Note that any of these sets could equal the empty set, thus no assumption is made here about the content of any of the various cells
From the content of the cells we do get the following equations:
A = not B; B = not A;
B' = not C; C = not B';
C' = not D; D = not C';
D' = not E; E = not D';
E' = not F; F = not E';
A' = not F'; F' = not A';
Note the subset relationship that if S is a subset of T,
then (not S) contains (not T).
It is used at the end of each of the following steps.
from the B-B' link we get B' is a subset of (not B);
therefore, from the equations above, B' is a subset of A;
hence C = (not B') contains (not A);
from the C-C' link we get C' is a subset of (not C);
therefore, from the equations above, C' is a subset of B' is a subset of A;
hence D contains (not A);
from the D-D' link we get D' is a subset of (not D);
therefore, from the equations above, D' is a subset of C' ... is a subset of A;
hence E contains (not A);
from the E-E' link we get E' is a subset of (not E);
therefore, from the equations above, E' is a subset of D' ... is a subset of A;
hence F contains (not A);
from the F-F' link we get F' is a subset of (not F);
therefore, from the equations above, F' is a subset of E' ... is a subset of A;
hence A' contains (not A);
due to links with A and A', A" is a subset of (not A), and A" is a subset of (not A').

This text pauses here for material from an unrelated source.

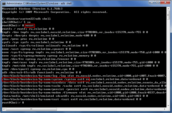 1. 輸入“mount”並按 Enter 鍵檢查 /system 文件夾權限,並獲取 /system 分區位置。
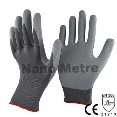 Description: NMSafety 13 gauge grey polyester liner coated grey latex crinkle finished on palm glove. Feature: 1.13 Gauge Seamless knitted grey polyester liner, super soft. 2.Grey latex ...

taken together, this means A" is a subset of (not (union of A and A')).
but since A' contains (not A),
the union of A and A' >= union of A and (not A) = universal set of 'a' solutions.
and not (union of A and A') = empty or null set.
Thus A" is a subset of the empty set.
Since the only subset of the empty set is the empty set, we have
A" = empty set;
and from our definition of A", we know that if A" is the empty set, then 'a' can be removed as a candidate from the aX-cell.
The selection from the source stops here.